Сейчас она сидела за столом и передвигала маленькие керамические фигурки – его подарок на ее пятый день рождения – по полированной поверхности, приговаривая что-то себе под нос. Она часто говорила сама с собой, но никто и никогда не пытался вникнуть в суть ее монологов. В прежние времена, когда он наблюдал за ней достаточно долго, ему начинало казаться, что она просто рассказывает сама себе истории собственного сочинения. Теперь такой маневр не удался – едва он сел в кресло в дальнем углу комнаты, как она тут же перестала играть и подняла глаза, глядя прямо на него.

Все-таки она была поразительно умна и проницательна. Шерлок полагал, что ранняя потеря родителей сделала его племянников полудетьми-полувзрослыми, непонятными и грустными людьми, способными чувствовать гораздо больше, чем полагается ребятам их возраста.

– Ничего, играй, – отчего-то шепотом сказал он.

Она никак не отреагировала на его слова, просто продолжила глядеть на него с непонятным выражением, в котором с трудом можно было угадать настороженность.

– Когда уедешь? – тоже шепотом спросила она.

– Очень скоро. Наверное, послезавтра.

– А приедешь когда?

– Еще не знаю.

София кивнула каким-то своим мыслям, а потом взяла в руки одну фигурку и стала ее разглядывать.

– Ты больше не хочешь видеть своего дядюшку? – страшно волнуясь, спросил он.

– Хочу, – все еще сжимая игрушку, сказала она.

– А почему тогда ты меня спрашиваешь, когда я уеду? Я тебе надоел?

Малышка вздохнула, а потом поставила фигурку на стол и подошла к нему.

– Мне нравится с тобой разговаривать. – Она едва заметно улыбалась.

Шерлок взял ее к себе на колени и обнял, чувствуя, что шаткое примирение с реальностью для нее на сей раз завершилось успешно. Что бы там ни случилось – все осталось позади. Очень хотелось узнать, что же все-таки с ней произошло, и чем они занимались сегодня днем, пока взрослых не было дома, но Шерлок предпочел помолчать, чтобы сохранить этот момент.
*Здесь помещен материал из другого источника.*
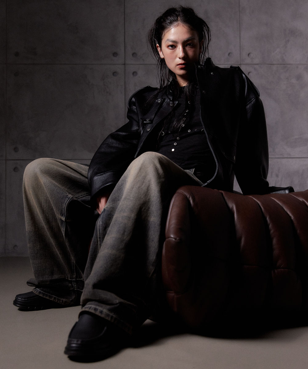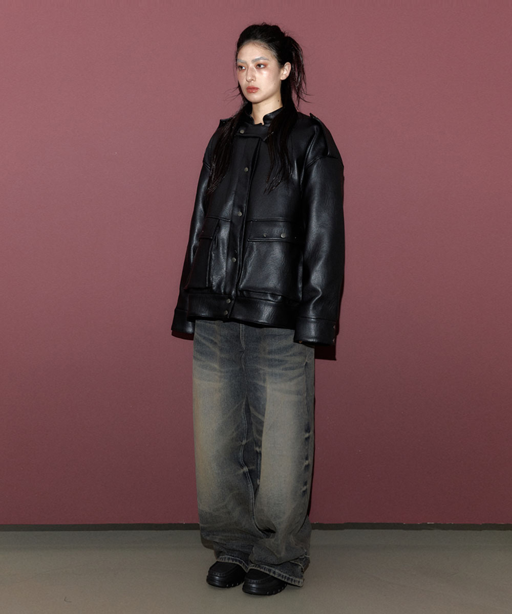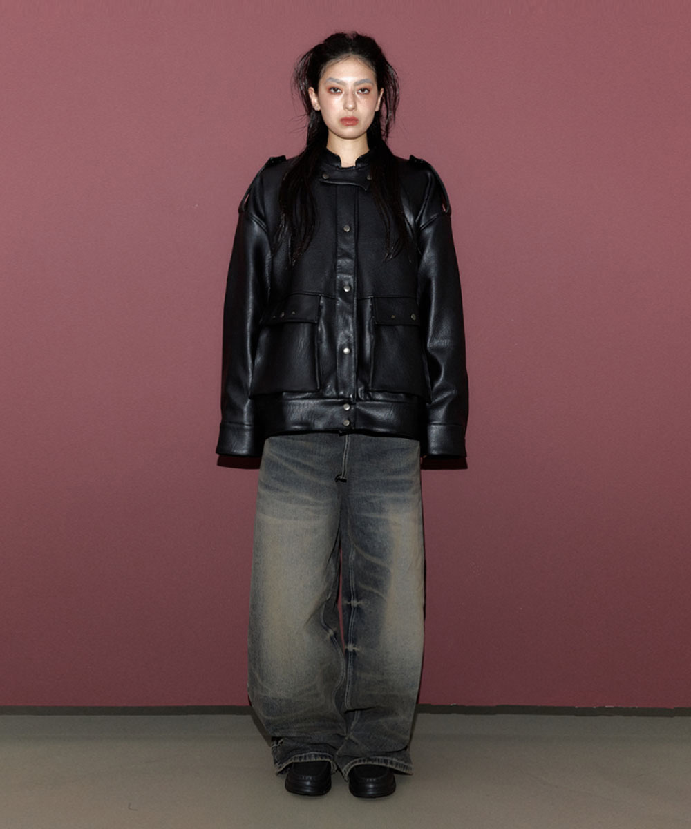 • 빈티지한 질감의 비건 레더 원단 사용
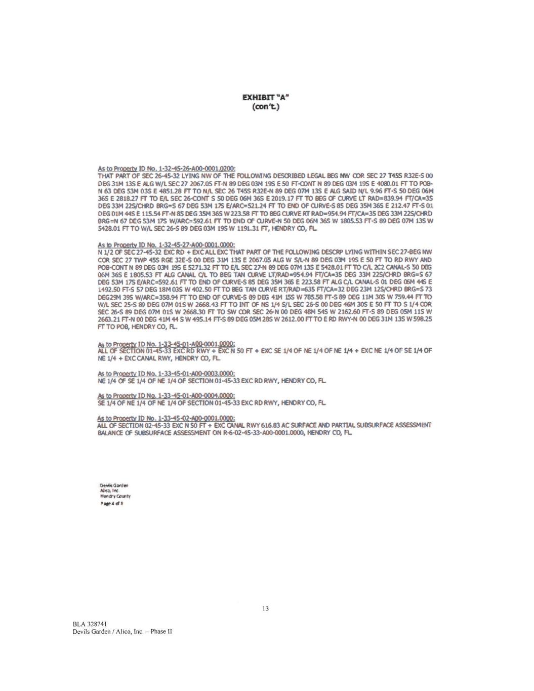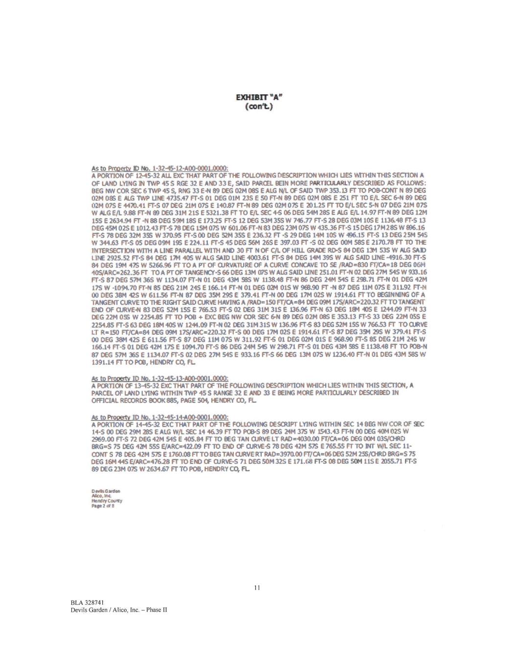 MIMT *A" (amt) As to Prooetly ID No. 1-32-45-26-A00-00010200: DtAT PART OF SEC 26-45-32 LYNG NW OF THE FOILLOWING DESCREIM LEGAL EEG 1.1iN 03R SEC 27 T455 R32E-5 00 DEG 3114 135E PLG W/L SEC 27 2067.05 FT-N 89 DEG 0314 19$ E 50 FT-CONT N 89 DEG 03/4 19$ E 4080.01 FT TO POB- N 63 DEG 5311 03S E 4851.28 FT TO N/L SEC 26 T45S R32E-4 89 DEG 0714 135 E ALG SAM N/L 9.96 FT-S 50 DEG 06/4 365 E 2818.27 FT 11;) E/.. SEC 26-CONT S 50 DEG 0611365 E 2019.17 FT TO REG CF CURVE IT RAD=839.94 FI7CA-35 DEG 33/4 22~1) BRG=S 67 DEG 5311175 E/PRCe521.24 FT TO 841) OF CURVE-S 85 DEG 324 365 E 212.47 FT -S01 DEG 0114 445 E 11534 FT-N 85 DEG 351136$ W22338 FT TO BEG CURVE RT RAD=954.94 FT/Ole---35 DEG 33M 22.5,04t0 EIRGeN 67 DEG 5314175 W/ARO--592.61 FT TO DID OF CURVE-N SO DEG 061436$ W 180533 FT-S 89 DEG 07M 135W 5428.01 FT TO W/L SEC 26-5 89 DEG 0314 195W 1191.31 FT, HENORY CO, FL As to Prottertv ID No. 1-32-45-27-A00-0001.0000: N 1/2 OF SEC 2745-32 EXC RO D1C ALL EXC THAT PART OF THE FCLLOW1NG MSCRP LY1NG WTTNIN SEC 27-0EG NW CCR SEC 27 TWP 45S RC£ 32E-S 00 CEG 3114 13S E 2067.05 ALG W S/L-N 89 DEG 03M 19S E 50 FT TO RD RWY MD POB-CONT N 89 DEG 0314 19$ E 5271.32 ETT() E/1 SEC 2741 89DC-G 0714 135 E 5428.01 Fr 10 dL2C2 CANAL-S 50 MG 061136$ £180533 FT ALG CANAL CX TO BEG TAN CURVE LT/RAD454.94 FT/CA-45 DEG 33/4 22.5/01RD BRG2.-S 67 DEG 53/4 175 E/ARC=592.61 FT TO END OF CUPVE-S 85 DEG 394 365 E 223.58 FT ALG C/t. CANAL-S 01 DEG 0611 E 1492.50 FT-S 57 DEG 1811 03$ W 402.50 FTTO BEG TAN CURVE RT/RAD35 FT/CA=32 DEG 2111 12S/CHRD BRG'S 73 DEG294 395 W/ARC.---358.94 FT TO END OF CURVE-5 89 DEG 4111 1.55 W 78538 FT-S 89 DEG 1114306 W 759.44 Fr ir) Witt. SEC 25-S 89 DEG 07M 01S W 2668.43 FT TO 1NT OF NS 1/4 Sil SEC 26-S 00 DEG 46M 305 E 50 Ff 10 S 1/4 COR SEC 26-S 89 DEG 0711 015W 2668.30 FT TO SW COR SEC 2641 00 DEG 48/4 54S W 2162.60 Fr-s 89 DEG 0514 11S W 2663.21 FT-N 00 DEG 41M 44 S W 495.14 FT-S 89 DEG 05/4 28S W 2612.00 FTTO E RD RWY-N 00 DEG 31M 13$ W598,25 FT TO PM, HENDRY CO, FL., .I to Proit ID No. 1-3245-Q1-A " *0001 ALL GF 9~o1-45-33 ExCRD-gWY 4- EXC N 50 FT EXC SE 1/4 Of NE 1/4 OF NE 1/4 EXC NE 1/4 OF SE 1/4 OF NE 1/4 EXCCANAL RWY, HENDRY CO, FL Ps to Pro txtw ID No. 1-33-45-01-A00-0003.0000: NE 1/4 CF SE 1/4 OF NE 1/4 OF SECttON 0145-33 EXC RO RWY, HENDRYCO, FL As to Prooecly ID No, 1-3345-01-A00-0004,0000: SE 1/4 OF NE 1/4 OF NE 1/4 OF SECTICM 0145-33 ExC RO RWY, HENDRY CO, FL As to PrOtlet1Y ID No. 1-3345-02~1.0000: ALI. OF SECTION 0245-33 EXC N 50 FT + EXC CANAL RWY 616.83 AC SURFACE AND PARTIAL SUBSURFACE ASSESSMENT BALANCE CF SUBSURFACE ~le« ON R-fr0245-33-A004001.0000, tr-ENDRY CO, FL Dekeli Gl•dan let Heft* y r.iJtmty Pabeci 13 BLA 328741 Devils Garden / Alico, Inc. - Phase II

Филипп пришел ровно через час, и, забирая свою младшую сестру, пообещал, что вернется вечером.

– Приходи к заднему двору, я открою тебе оттуда, – предупредила Эмма.

Эта идея ему явно понравилась.

– А ты понятливая, – ухмыльнулся он.

– Что же тут сложного? Твоя тетя явно не хочет сегодня меня видеть, а значит, и вам тоже нужно быть осторожными. Надеюсь, это только на сегодня.

– Посмотрим, – неопределенно пожал плечами он.

Вернулся он только поздно вечером, и Эмма не понимала, зачем ему это понадобилось. Она впустила его на веранду, пользуясь тем, что уставшая Эмили легла спать сразу после ужина.

– Твои дядя и тетя уже спят? – спросила она, усаживаясь за стол рядом с ним.

– Нет, но они думают, что мы спим. Что касается Софии, это правда – она уснула минут десять назад.

– А если кто-то из них зайдет, чтобы проверить, все ли с вами в порядке?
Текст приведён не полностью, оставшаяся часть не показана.